EditP23

3D Editing via Propagation of Image Prompts to Multi-View

We propagate user-provided, single-view 2D edits to the multi-view representation of a 3D asset. This enables fast, mask-free, high-fidelity, and consistent 3D editing with intuitive control.

Abstract

We present EditP23, a method for mask-free 3D editing that propagates 2D image edits to multi-view representations in a 3D-consistent manner. In contrast to traditional approaches that rely on text-based prompting or explicit spatial masks, EditP23 enables intuitive edits by conditioning on a pair of images: an original view and its user-edited counterpart. These prompts guide an edit-aware flow in the latent space of a pre-trained multi-view diffusion model, coherently propagating the edit across views. Operating in a feed-forward manner (no optimisation), our method preserves the object’s identity in both structure and appearance. We demonstrate effectiveness across diverse categories and edits, achieving high fidelity to the source without masks.

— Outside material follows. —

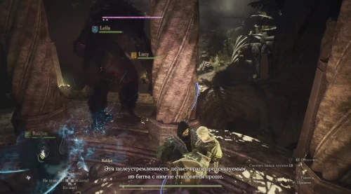 Однако если вы не хотите, чтобы Дориан пострадала, то вам нужно хотя бы отнести ее подальше от места сражения – для этого поднимите ее (кнопка RT), вынесите из каменной беседки и положите на землю. Если у вас есть в группе женщины то вы можете просто дождаться, пока огр не схватит одну из них и сам не убежит с первого места боя.

How EditP23 Works: From a 2D Edit to a 3D Model

The EditP23 pipeline propagates your 2D edit into a full, 3D-consistent object modification. The process is designed to be intuitive, requiring only a single edited view to guide the entire 3D update. Here’s how it unfolds:

1

Rendering & Initial Setup

The process begins with a 3D object, which is rendered to generate a multi-view grid (mv-grid) composed of six different viewpoints, and an additional fixed prompt view.

2

The 2D Edit

The user can take the prompt view and modify it with any preferred 2D editing tool, such as painting or generative AI. This user-edited image becomes the target view, which guides the 3D edit.

3

Edit Propagation via Multi-View Diffusion

The core of the method is a technique called "edit-aware denoising". At each step, the system runs two parallel processes within a multi-view diffusion model:

  • Source Branch: The original source mv-grid and source view are fed into the model to predict the velocity towards the original object.
  • Target Branch: The current, in-progress grid is conditioned on the target view to predict the velocity towards the final, edited object.
Edit-guided denoising at one timestep
By subtracting the source prediction from the target prediction, the model calculates an "edit-only delta" (vΞ”). This delta isolates the user's intended changes, ensuring the rest of the object's structure and appearance are preserved. This delta then guides the update for the next iteration, consistently propagating the edit across all views in the grid.
4

Final 3D Reconstruction

After the diffusion process completes, the final, edited multi-view grid is generated. This edited grid is then converted into a textured 3D mesh using a reconstruction module like InstantMesh. The output is a fully edited 3D object.